[[ Working data open ]]

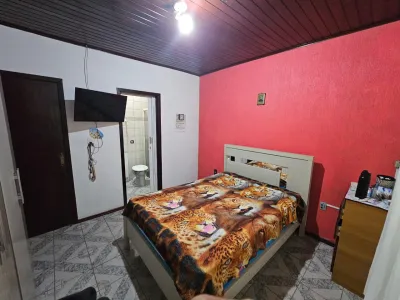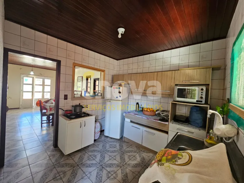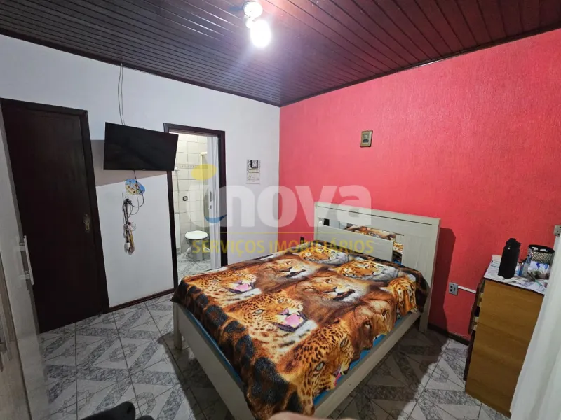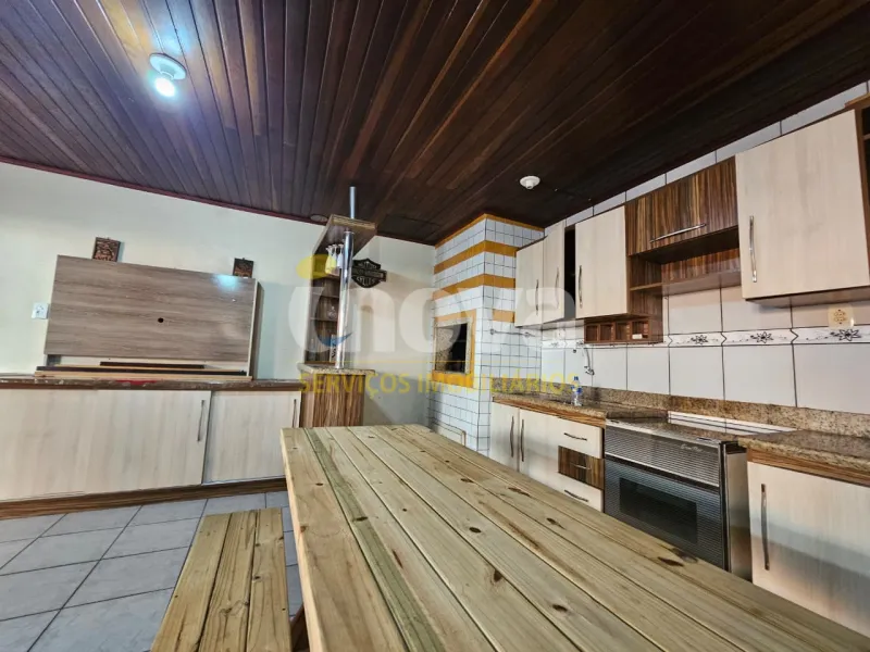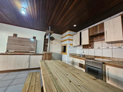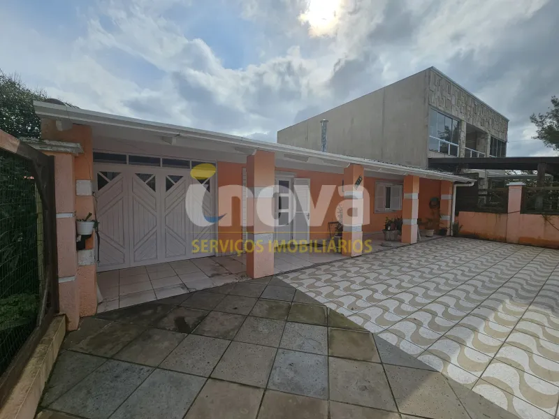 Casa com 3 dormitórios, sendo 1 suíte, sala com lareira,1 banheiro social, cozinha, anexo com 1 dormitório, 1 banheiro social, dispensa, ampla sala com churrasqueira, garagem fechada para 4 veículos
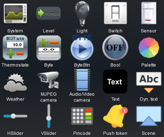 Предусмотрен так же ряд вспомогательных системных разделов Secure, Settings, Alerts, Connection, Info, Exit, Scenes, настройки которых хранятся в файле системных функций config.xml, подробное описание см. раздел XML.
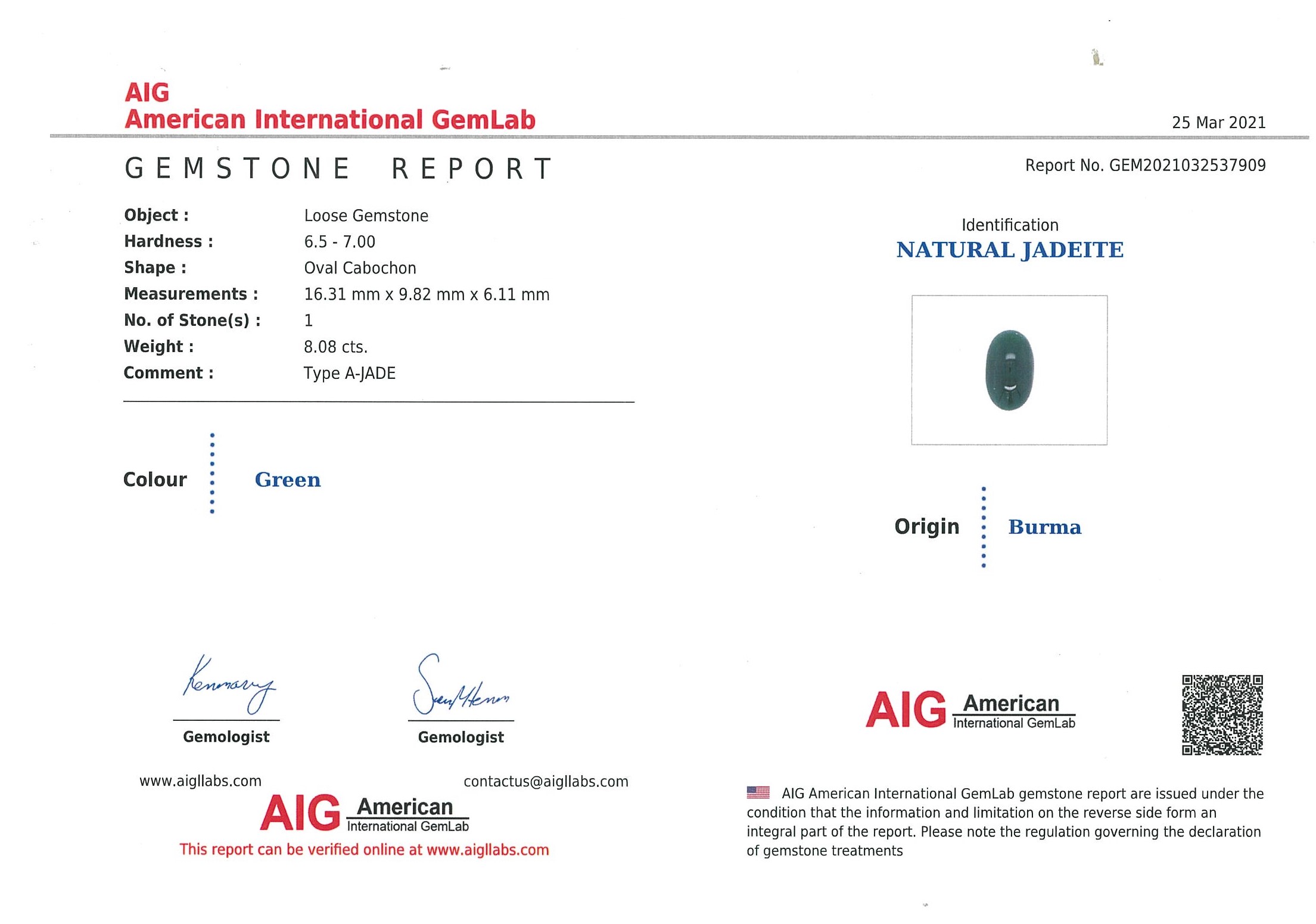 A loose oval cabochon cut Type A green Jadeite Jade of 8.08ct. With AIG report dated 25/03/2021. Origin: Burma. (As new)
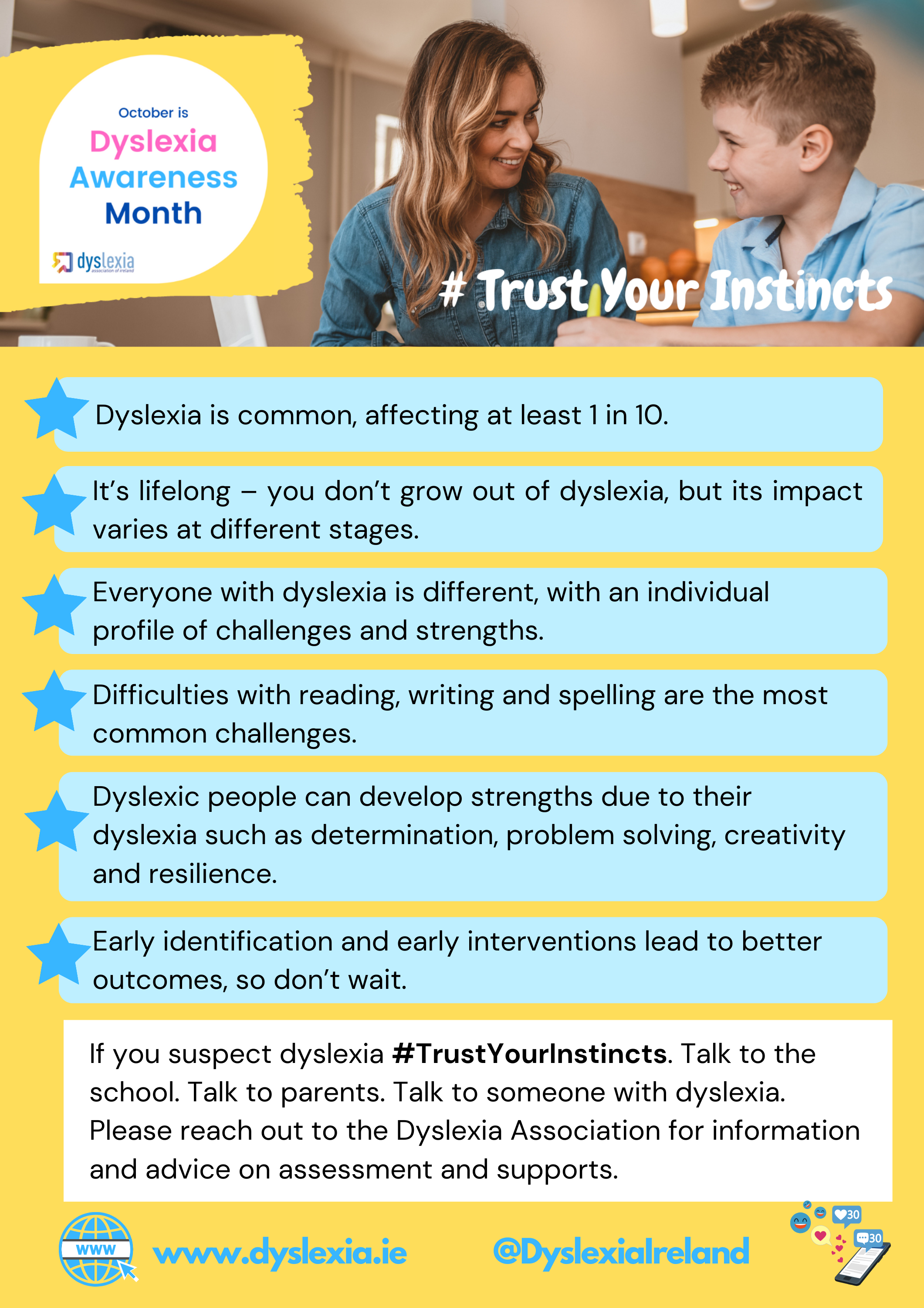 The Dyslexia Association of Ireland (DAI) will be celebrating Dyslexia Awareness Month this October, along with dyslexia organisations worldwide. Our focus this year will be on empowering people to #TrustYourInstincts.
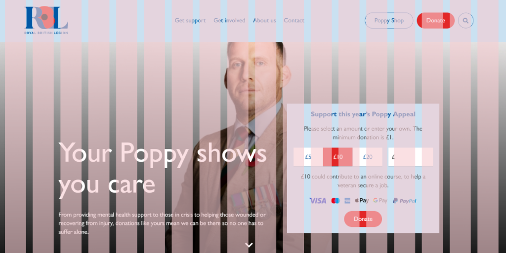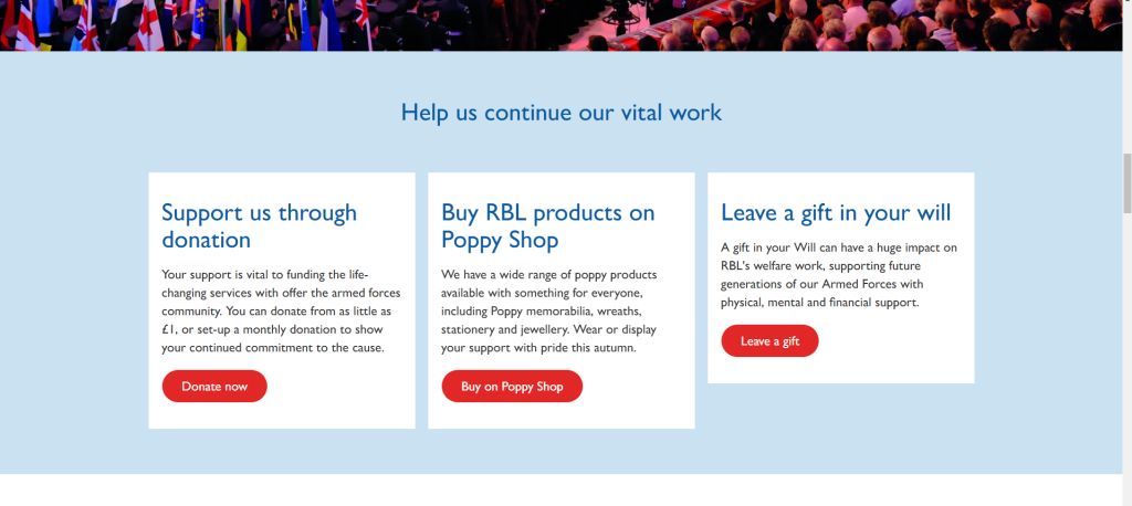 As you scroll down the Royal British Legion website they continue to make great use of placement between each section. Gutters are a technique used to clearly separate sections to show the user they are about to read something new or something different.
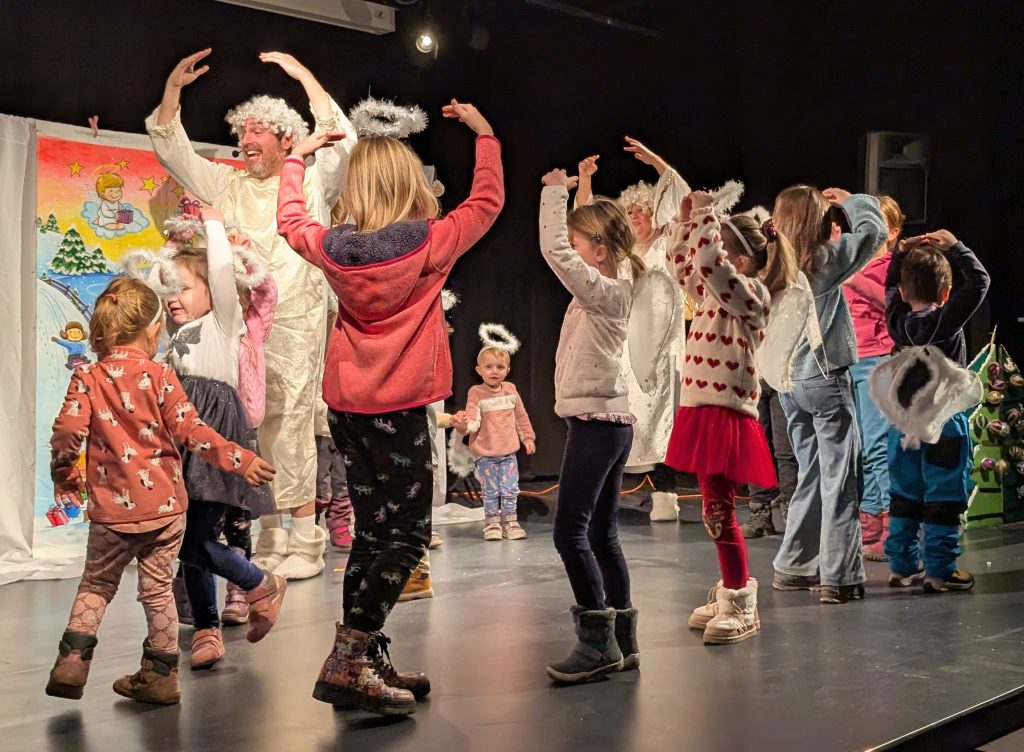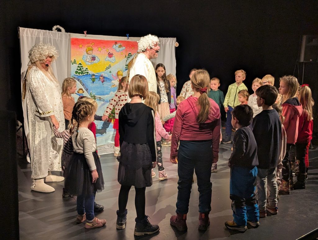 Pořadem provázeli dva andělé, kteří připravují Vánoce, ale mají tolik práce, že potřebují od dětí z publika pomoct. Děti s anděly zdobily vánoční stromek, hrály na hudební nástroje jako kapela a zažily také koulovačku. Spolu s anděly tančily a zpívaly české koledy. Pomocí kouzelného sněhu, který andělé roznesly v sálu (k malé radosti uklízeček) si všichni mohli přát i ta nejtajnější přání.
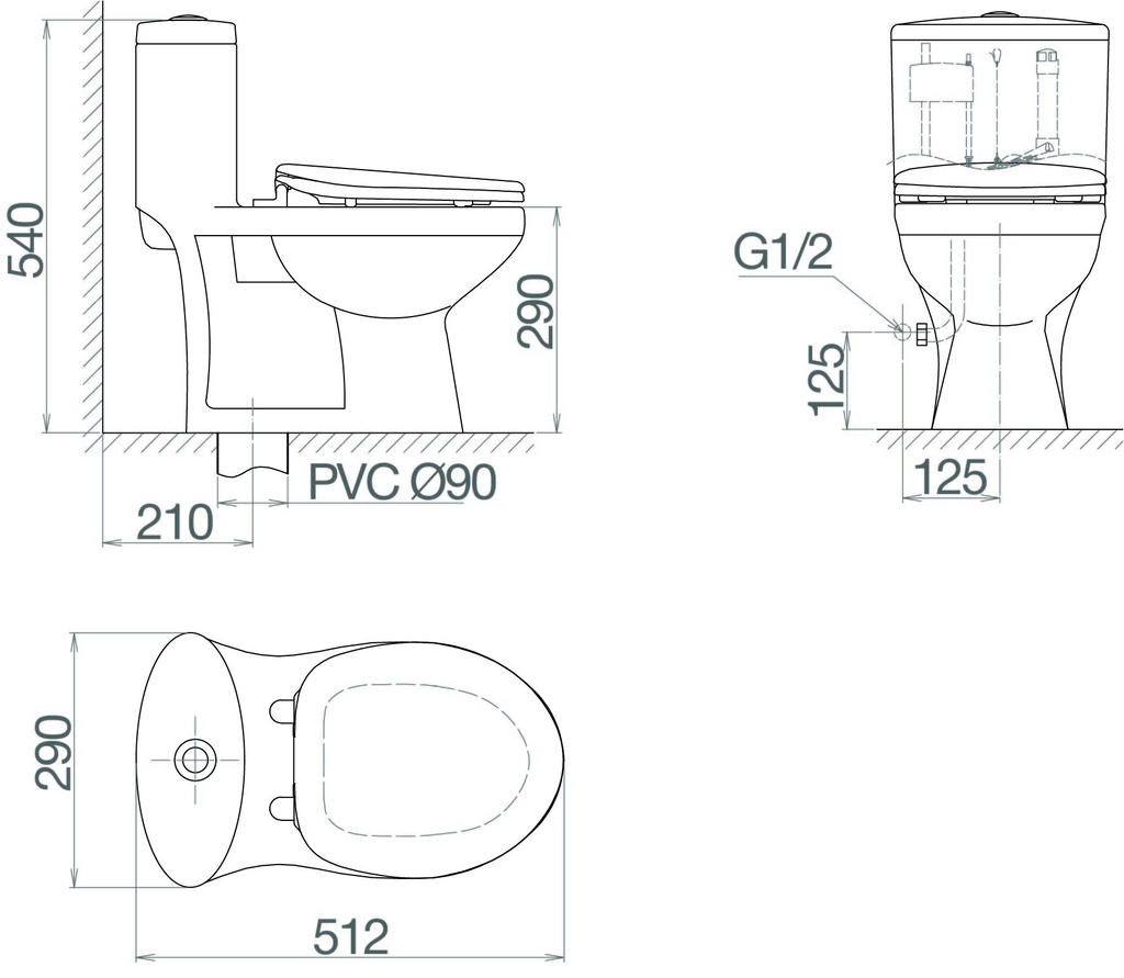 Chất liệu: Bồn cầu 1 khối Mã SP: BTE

[[ Working data closed ]]

§ Work to be completed
What you write must match the listing exactly, from the line with "Предусмотрен так же" up to and including the line with "As you scroll". Pictures stay out.

§ Reply to the exercise
 Предусмотрен так же ряд вспомогательных системных разделов Secure, Settings, Alerts, Connection, Info, Exit, Scenes, настройки которых хранятся в файле системных функций config.xml, подробное описание см. раздел XML.
 A loose oval cabochon cut Type A green Jadeite Jade of 8.08ct. With AIG report dated 25/03/2021. Origin: Burma. (As new)
 The Dyslexia Association of Ireland (DAI) will be celebrating Dyslexia Awareness Month this October, along with dyslexia organisations worldwide. Our focus this year will be on empowering people to #TrustYourInstincts.
 As you scroll down the Royal British Legion website they continue to make great use of placement between each section. Gutters are a technique used to clearly separate sections to show the user they are about to read something new or something different.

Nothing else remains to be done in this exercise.